2013-12-04 13:49:52 by Vic:

I was just making fun of the fact that Connery doesn't do accents. He's played characters of various cultures in the past, all of which seem to have a Scottish accent. Also, and I'm not an expert, he seemed to even be speaking Russian with a Scottish accent in the early part of the film.

2013-12-14 18:58:45 by ThatGuy:

A similar movie that's often overlooked is Phantom. Came out last year and it's pretty similar to Red October. Also, fits all your criteria. The only "implausible" technology is the "Phantom Drive" which acts as a very advanced ECM device. And it has well defined limitations and abilities. The characters are highly competent, the environment believable, and while there is a bit of dumbing down it's minor and easily overlooked.

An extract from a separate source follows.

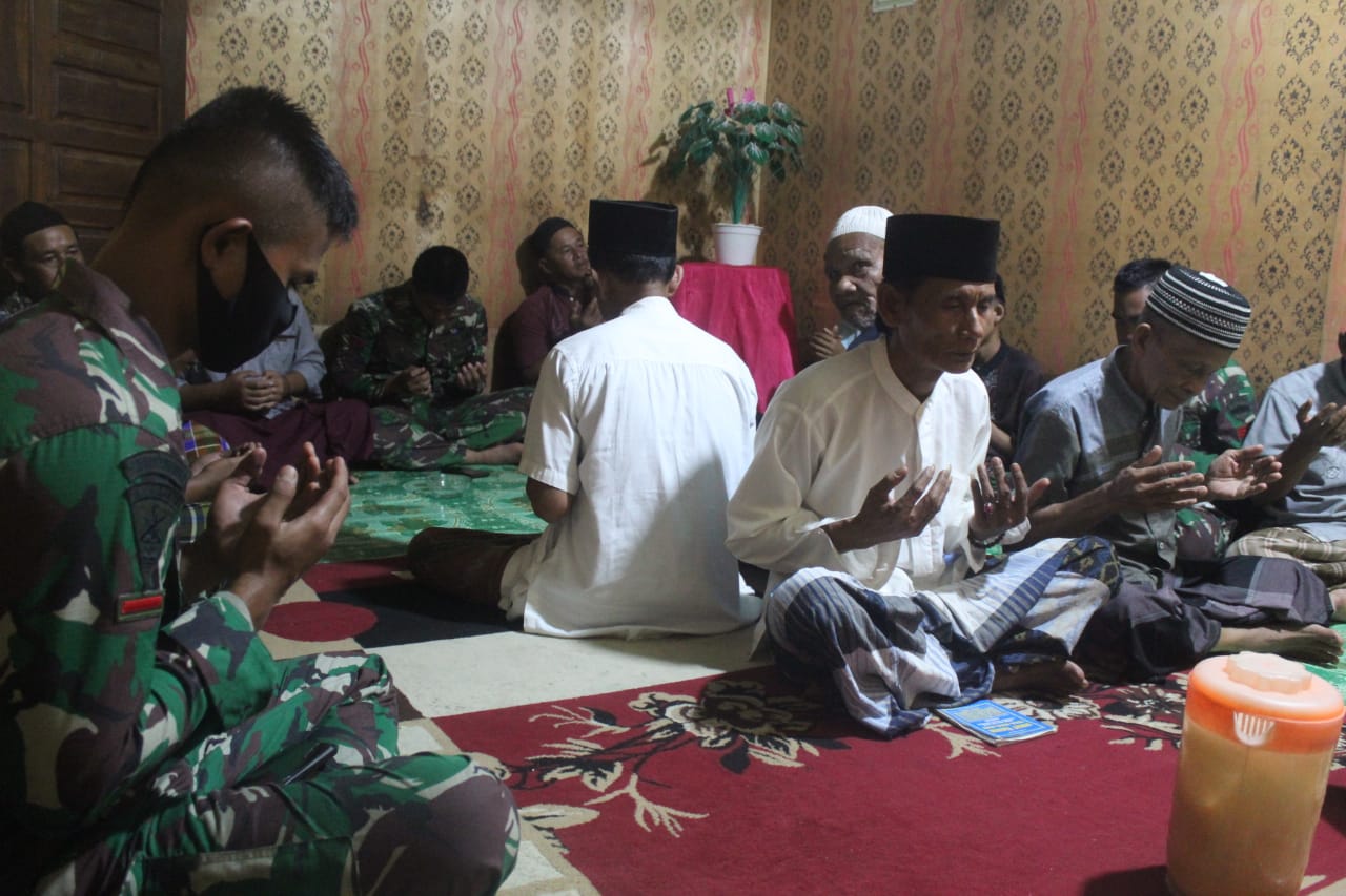 Infoinhil.com – Indragiri Hilir, – Satgas TMMD ke 111 laksanakan komsos hadiri undangan haul atau do’a bersama untuk mengenang dan mendo’akan almarhumah Siti Fatimah di rumah bapak Ramadhan Sahada, RT. 01, RW. 01, Dusun Maju Jaya Desa Teluk Bunian, Kecamatan Pelangiran, Kabupaten Inhil, Jum’at (02/07/2021).

2014-01-05 13:25:27 by Jed:

I think it was Bruce Sterling who said that a thriller is a SF story that includes the President of the United States. POTUS does appear in the novel, but is replaced in the film by his National Security Advisor. (Without changing his lines, apparently: "Listen, I'm a politician, which means I'm a cheat and a liar, and when I'm not kissing babies I'm stealing their lollipops").

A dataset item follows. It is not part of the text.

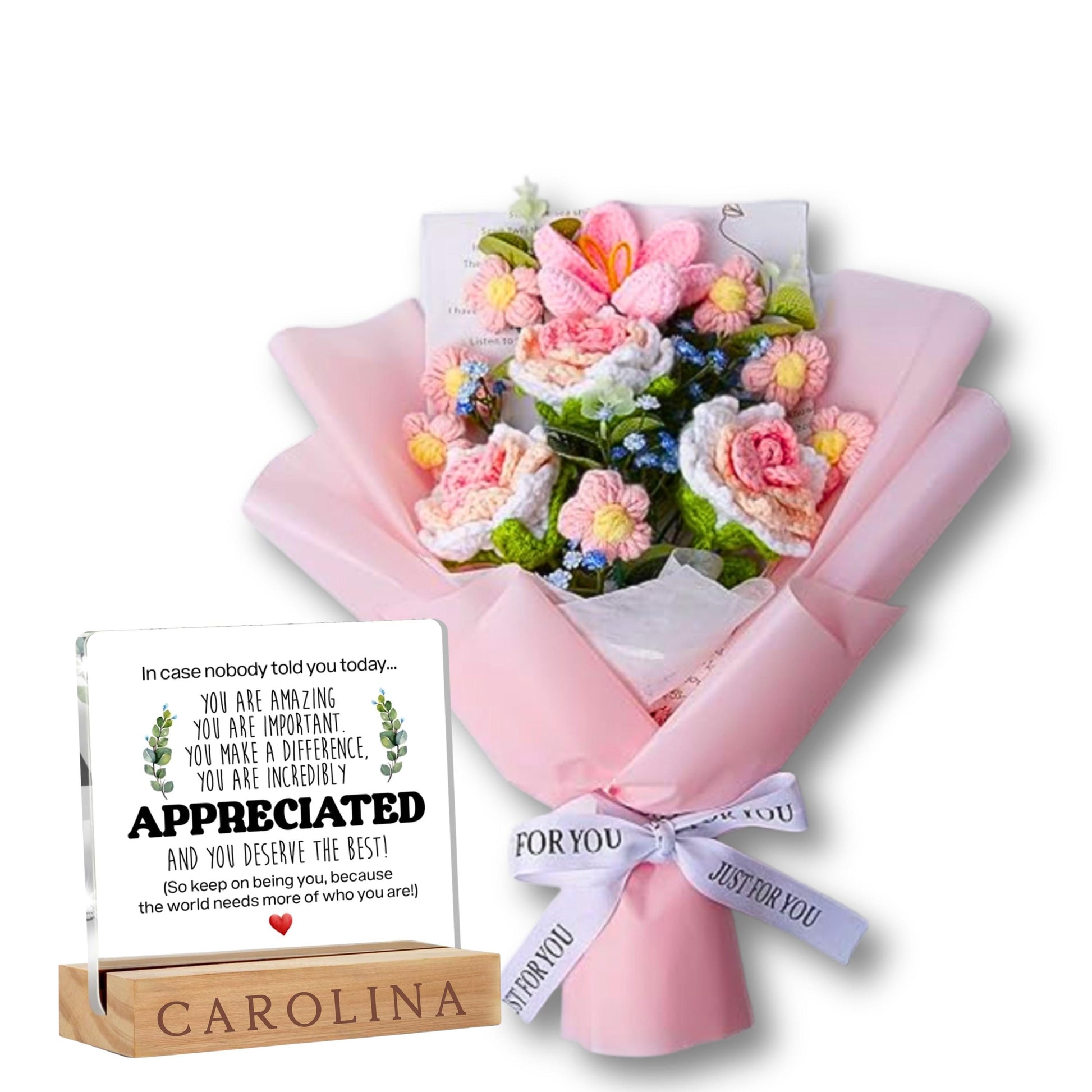Crochet Flower Bouquet with Personalized Engraved Desk Sign, Handmade Crochet Floral Gift with Custom Wooden Base, Appreciation Gift for Her

2014-07-05 08:03:59 by Mark:

Love your blog. Thank you! One example of "explaining things to the audience" that did happen in the movie was when Seaman Jones got the first contact from the Red October. From the IMDB "goofs" page for the movie (http://www.imdb.com/title/tt0099810/goofs): 'When seamen Jones first hears the Red October he says ..."We hit a boomer coming out of the barn" and then says "probably a missile boat out of Polijarny." In U.S. submarine slang 'boomer' means a missile boat and 'the barn' was slang for the Polijarny inlet in Russia. Seaman Jones repeated himself, obviously for the understanding of the audience but not something that would be done on a U.S. missile sub.' And, is the caterpillar drive really "impossible," or merely unfeasible?

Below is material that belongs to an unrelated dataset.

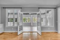 At the heart of the home, the living room with custom built- ins flows easily into the kitchen, breakfast nook, and formal dining room, creating a welcoming space for gatherings of any size. Enjoy nearly 500 square feet of additional living space in the fully enclosed covered patio—perfect for relaxing year- round—or step outside to the adjoining patio for grilling and outdoor fun.

2014-07-05 11:07:37 by qntm:

Actually I seem to recall that the caterpillar drive is technically possible but in practice it actually makes a huge amount of noise, or uses a huge amount of power, or something like that.

2015-10-04 23:05:02 by Fred:

A couple of years after the book came out, I had taken on a job as an engineer at a couple that built simulators for the Navy. When I asked how to learn about some of the concepts, I was told to go read the book, as it provided a very accurate depiction of the concepts we were dealing with. It was a fictional novel, filled with science fact.

2016-11-04 02:48:43 by Stan De Leeuw:

I agree with both your premises about Science Fiction and its use in this film with one exception.... Just as helicopters...in daVinci's drawings...seemed impossible so to is that Caterpillar drive! It is said that fiction is often the vehicle of TRUTH! And Science fiction has certainly proved that truism, has it not?

2022-03-07 05:29:18 by Joshua:

So this is out of date. Somebody did make a working caterpillar drive (the movie version) and used it to get from San Fransisco to Hawaii. It has no moving parts but provides propulsion. The power rate is actually quite good; apparently better than propellers for the same distance traveled; however the speed is terrible. You get about three knots. Saw it on the news a few years ago. They called it something else; but I recognized it when I saw it.

2023-08-05 21:47:02 by Greer:

“It's customary in a film set in an unfamiliar environment - as much of science fiction is - to throw in a viewer surrogate character.” Ryan is the surrogate character.

2023-08-05 23:41:00 by qntm:

Sure, but he's competent and experienced. He isn't bumbling around asking basic questions about how torpedo safety ranges work.